Nothing below is to be printed except the lines between the line holding "Cheesy Ground Beef and Rice Casserole" and the line holding "Edinstveno valovito zložljivo", inclusive, each exactly as it appears.

*GIVEN INFORMATION*:
==============================

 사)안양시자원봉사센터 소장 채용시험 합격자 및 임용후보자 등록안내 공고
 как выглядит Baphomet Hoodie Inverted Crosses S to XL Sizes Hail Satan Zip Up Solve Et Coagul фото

==============================

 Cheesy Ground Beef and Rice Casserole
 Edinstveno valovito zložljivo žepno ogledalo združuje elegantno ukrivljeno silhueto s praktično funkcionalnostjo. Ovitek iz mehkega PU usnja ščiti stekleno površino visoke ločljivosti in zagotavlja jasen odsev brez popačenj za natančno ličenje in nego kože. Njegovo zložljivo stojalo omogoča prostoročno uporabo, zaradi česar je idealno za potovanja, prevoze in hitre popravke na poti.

==============================

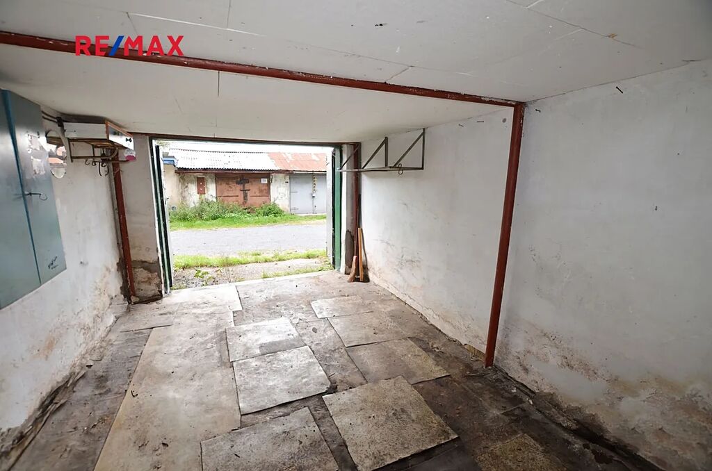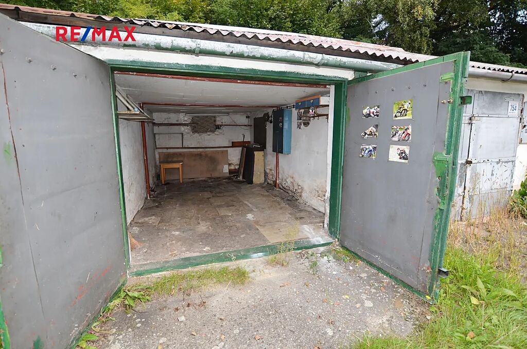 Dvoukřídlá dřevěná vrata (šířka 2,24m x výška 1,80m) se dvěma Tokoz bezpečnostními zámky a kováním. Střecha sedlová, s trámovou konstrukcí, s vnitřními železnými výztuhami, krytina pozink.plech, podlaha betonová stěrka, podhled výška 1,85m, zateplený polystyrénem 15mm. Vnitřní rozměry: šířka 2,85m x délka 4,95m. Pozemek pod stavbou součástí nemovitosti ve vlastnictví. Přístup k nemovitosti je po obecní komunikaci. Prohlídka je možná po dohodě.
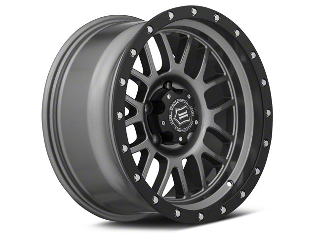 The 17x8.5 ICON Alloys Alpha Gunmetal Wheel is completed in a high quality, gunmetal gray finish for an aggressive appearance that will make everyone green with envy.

==============================

*SOLVED EXERCISE*:
 Cheesy Ground Beef and Rice Casserole
 Edinstveno valovito zložljivo žepno ogledalo združuje elegantno ukrivljeno silhueto s praktično funkcionalnostjo. Ovitek iz mehkega PU usnja ščiti stekleno površino visoke ločljivosti in zagotavlja jasen odsev brez popačenj za natančno ličenje in nego kože. Njegovo zložljivo stojalo omogoča prostoročno uporabo, zaradi česar je idealno za potovanja, prevoze in hitre popravke na poti.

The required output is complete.